His other health markers improved as well, including his bad cholesterol dropping 20 percent and his good cholesterol rising 20 percent. It may seem odd that a steady stream of cream-filled cake would decrease Haub’s bad cholesterol, but as Jackson Blatner of the American Dietetic Association pointed out, being overweight is the main issue with various other health risks, such as high cholesterol:

“When you lose weight, regardless of how you’re doing it — even if it’s with packaged foods, generally you will see these markers improve when weight loss has improved.”

Before his Twinkie diet, Haub tried a healthy diet that included the occasional unhealthy treat, and he wasn’t becoming healthier, which he feels is because he was eating too much, regardless of the mainly healthy foods he was eating.
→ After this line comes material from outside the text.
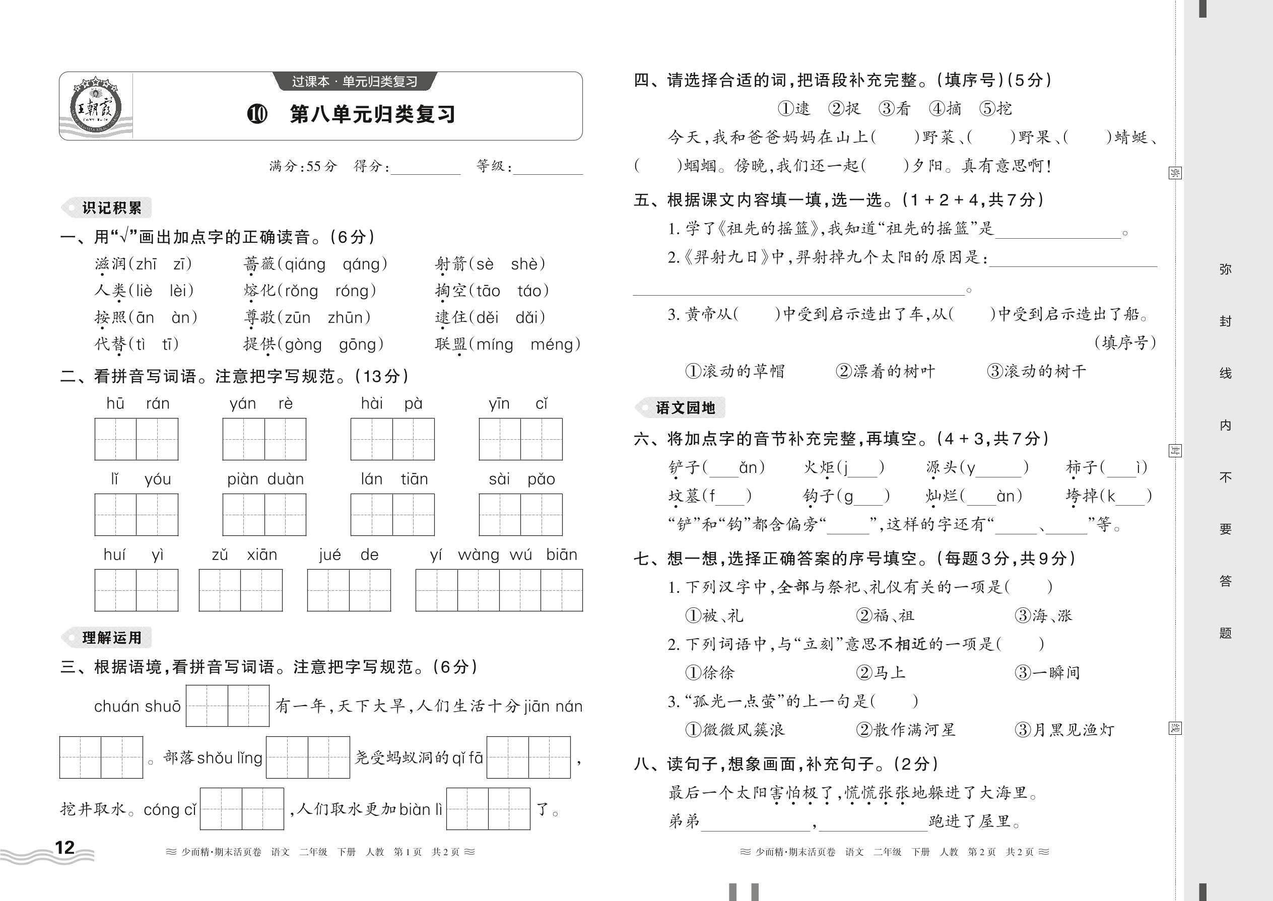 2024春下册二年级语文人教版 期末过课本HY版·第八单元归类复习

As someone who has been regularly visiting a gym for over a decade and having grown up with a bodybuilder father and nutritionist mother, the results of Haub’s experiment aren’t surprising in the least. When I first started working out, I couldn’t gain weight no matter what I tried. I asked a large amount of people at the few gyms I attended at the time, and the advice received has always stuck out: Eat everything. The first (extremely in-shape) person I asked told me to buy a box of bakery cupcakes from the local grocery store and eat that after lunch a few times a week. The next (very ripped and cut) person I asked told me he ate a tub of chocolate pudding a few times a week after dinner. The message was clear: So long as you’re correctly working out, the type of food you eat doesn’t matter as much as you may think. This sentiment applies to Haub’s experiment: So long as you aren’t eating enough, you’ll lose weight. It’s common sense, for the most part. If the only thing you eat each day is one McRib, its less-than-stellar nutritional value won’t really pack on the pounds since one McRib isn’t even close to the amount of food a person is supposed to eat per day.
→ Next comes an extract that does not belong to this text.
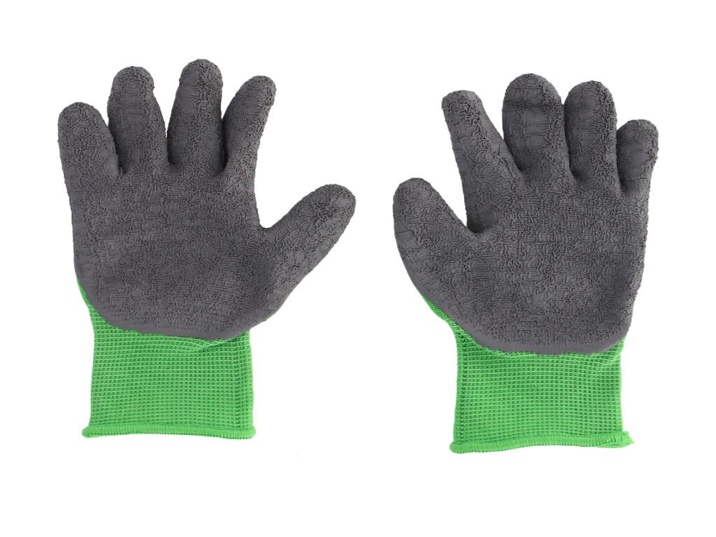 Rukavice jsou vyrobeny z kombinace bavlny a syntetických materiálů, které zajišťují pohodlné nošení, prodyšnost a zároveň chrání ruce před špínou, vlhkostí nebo drobnými poraněními. Elastické manžety drží rukavice pevně na místě a zabraňují vniknutí hlíny nebo trávy dovnitř.

Even professional athletes, people whose job it is to be fit and healthy, follow the seemingly wacky advice I received when I first started working out. As mentioned in this article, Dwight Howard, center for the NBA’s Orlando Magic, sometimes eats McDonald’s before a game (in the case of that article, two Quarter Pounders, a large fry, and a large Sprite), and he looks like this:

If Haub continued his Twinkie diet, it is also possible that he would reach a light enough weight to where the unhealthy Twinkies would actually begin to put weight back onto his body, rather than continue the loss.

Yes, eating healthy will quicken weight loss and lessen health risks, but Haub, Dwight, a lifetime of advice from gym rats and common sense prove that eating the occasional cream-filled cake or greasy burger isn’t anything over which to fret, and it’s the amount of food eaten and amount of physical activity performed that are the real catalysts of weight loss.